Analyze the property the HOA is required to maintain to determine its useful life and the cost to rebuild, repair, or replace it when the time comes. This is especially important for large-ticket items such as roof and siding replacement, detention-pond repairs, paving jobs, and refurbishing of swimming pools, clubhouses and other amenities.
This process is known as a “reserve study,” and there are professionals known as “reserve specialists,” usually persons with engineering and construction backgrounds, who can perform these studies for you.
The result of a reserve study is a road map for how much money from assessment income the HOA should be setting aside into reserve accounts to meet these needs when the time comes.
When done correctly, performing a reserve study and following its findings will avoid the need for large special assessments to be levied against owners in future years as the need for these projects surfaces.
Expect the unexpected. Include an allowance for unexpected expenses, also known as “contingencies.” The most common are repair costs for damage to common property that is not covered by insurance. Also make sure your budget provides an allowance for “bad debt.” Few associations collect 100 percent of their assessments. Use historical data from prior years’ financial statements to determine the proper allowance for bad debt.

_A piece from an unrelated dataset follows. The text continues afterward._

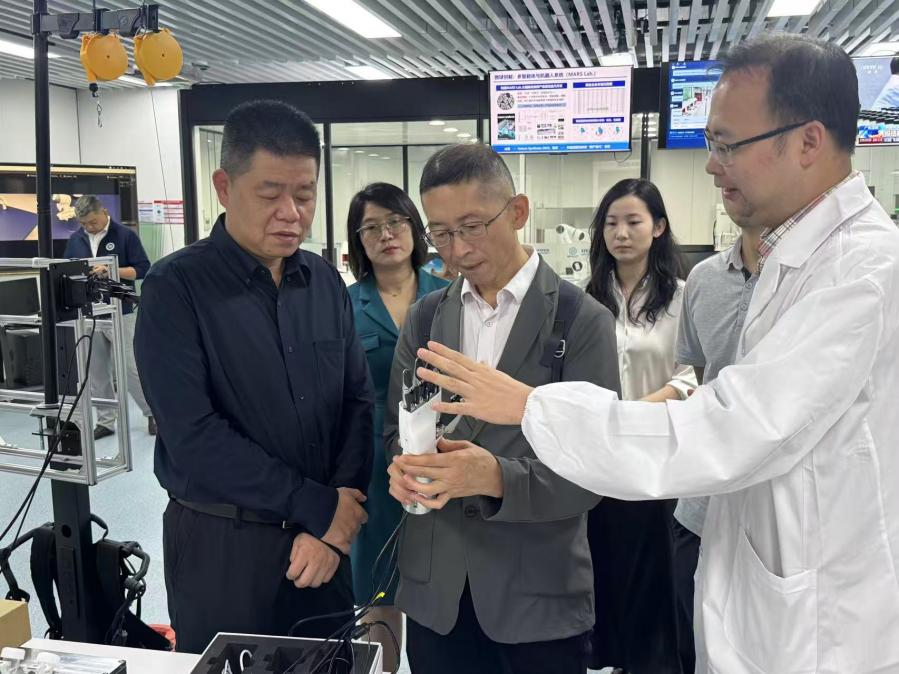 在中科院深圳先进院,胡红升一行与喻学峰研究员围绕具身智能项目展开深度座谈。作为武汉先进院董事长、材料人工智能研究中心主任,喻学峰深耕“AI+材料”创新领域,双方围绕空间、政策、资金等问题,探讨形成市场化解决方案,推动科研资源与产业载体高效对接。

Many boards focus their efforts only on the operating budget – the regular income from assessments, and the regular expenses for management, landscaping, utilities, insurance, maintenance of common property, and professional services. But your budget should also disclose any expected capital expenditures for the coming year.
For example, will you be using reserve funds or a bank loan to replace the roofs on the condominium buildings, install a new playground, or refurbish the clubhouse and replace the furniture? If so, these expenditures should be reflected on your budget.
North Carolina law requires HOAs to allow the members to review and vote on proposed budgets. The applicable law for both condominiums and planned communities says: “Within 30 days after adoption of any proposed budget for the (condominium or planned community), the executive board shall provide to all the lot owners a summary of the budget and a notice of the meeting to consider ratification of the budget … The budget is ratified unless at that meeting a majority of all the lot owners in the association or any larger vote specified in the declaration rejects the budget. In the event the proposed budget is rejected, the periodic budget last ratified by the lot owners shall be continued until such time as the lot owners ratify a subsequent budget proposed by the executive board.”
So the budget doesn’t actually have to be affirmatively approved by the members; it is approved automatically unless a majority of all the lot owners (not simply a majority of those at the meeting) vote to reject the budget.
Note also that meeting quorum requirements do not apply to budget ratification meetings, and the notice of meeting must state this fact.